Typically an approach is taken where the lab demonstrates that the panel can properly detect aberration class types such as deletions, insertions, single nucleotide variations and copy number variations through a representative number of each rather than validation of every gene (which would be extremely challenging). Labs need to be able to demonstrate adequate analytical validation including precision (repeatability and reproducibility), sensitivity (minimum allele frequency detected) and accuracy (through comparison of results to an alternative orthogonal technology such as digital droplet PCR or Sanger Sequencing). Due to the large amounts of data measured, and the varying approaches to data filtering, there will always be some analytical error in these studies, especially in measurement of mutations at low (1% or less) allele frequency.

Potential IssuesIn addition, Formalin Fixed Paraffin Embedded (FFPE) tissue can represent a challenge due to the introduction of formalin-related artefacts. In our experience, as many as 20-30% of the gene aberrations identified in unfiltered data from low quality material, are FFPE artefacts. Of concern, some of these could mistakenly be considered pathogenic and in the worst case lead to the wrong treatment being recommended. It is therefore important that a fresh tissue/FFPE comparative dataset is run on new technologies to ensure the bioinformatic pipeline has appropriate filtering for these artefacts.

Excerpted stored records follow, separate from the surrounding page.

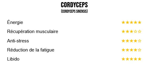 cancéreuses. - Cordyceps : Chen S. et al. ont mis en évidence une augmentation de l’endurance physique via une stimulation de la production d’ATP.
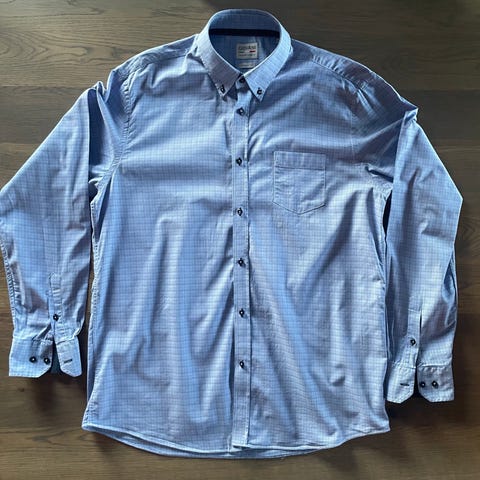 Lite og pent brukt herreskjorte fra GANT. Blårutete stoff i 100% bomull. Nyvasket, men ikke strøket.
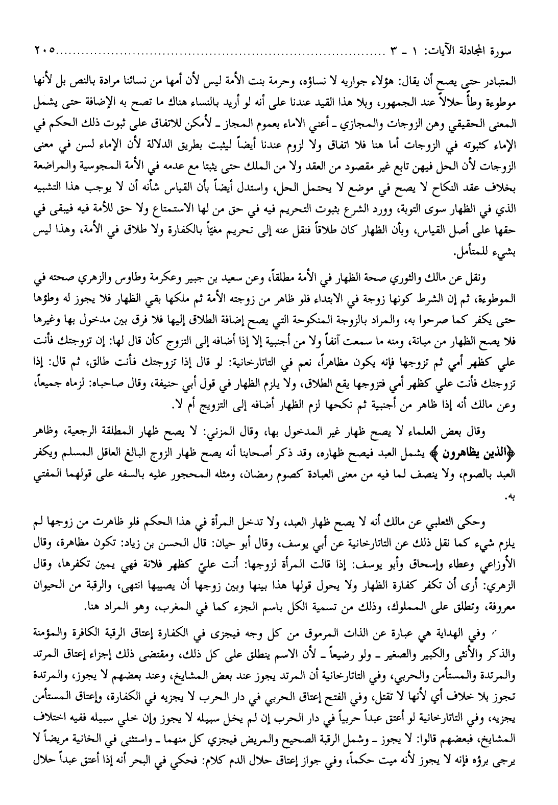 وقال بعض العلماء لا يصح ظهار غير المدخول بها، وقال المزني: لا يصح ظهار المطلقة الرجعية، وظاهر الَّذِينَ يُظاهِرُونَ يشمل العبد فيصح ظهاره، وقد ذكر أصحابنا أنه يصح ظهار الزوج البالغ العاقل المسلم ويكفر العبد بالصوم، ولا ينصف لما فيه من معنى العبادة كصوم رمضان، ومثله المحجور عليه بالسفه على قولهما المفتي به.

In the case of somatic variant calling, the gold standard is to run a matched normal reference (typically white cells from blood) alongside the tumour sample, such that germline variants and common polymorphisms can be filtered out. However, this increases the cost of NGS profiling as it requires two samples to be run per patient. Somatic variant calling from a single sample is also possible, but it requires using databases (such as dbsnp, sift, polyphen, COSMIC etc.) to filter out synonymous variants. Often the use of databases is not enough and can leave behind some variants that would have been filtered out with the use of the normal reference. Novel bioinformatics algorithms have also been proposed to distinguish somatic vs germline alterations, for example the SGZ (somatic-germlinezygosity) method that is employed in the Foundation One assay from Foundation Medicine.

DNA panels

A potential issue for targeted DNA panels as opposed to WES is that they may have inadequate chromosomal coverage to make an accurate measurement of copy number variations (CNV) and ploidy. This can be particularly challenging where a tumour contains significant amounts of non-cancer material such as white cells or stroma.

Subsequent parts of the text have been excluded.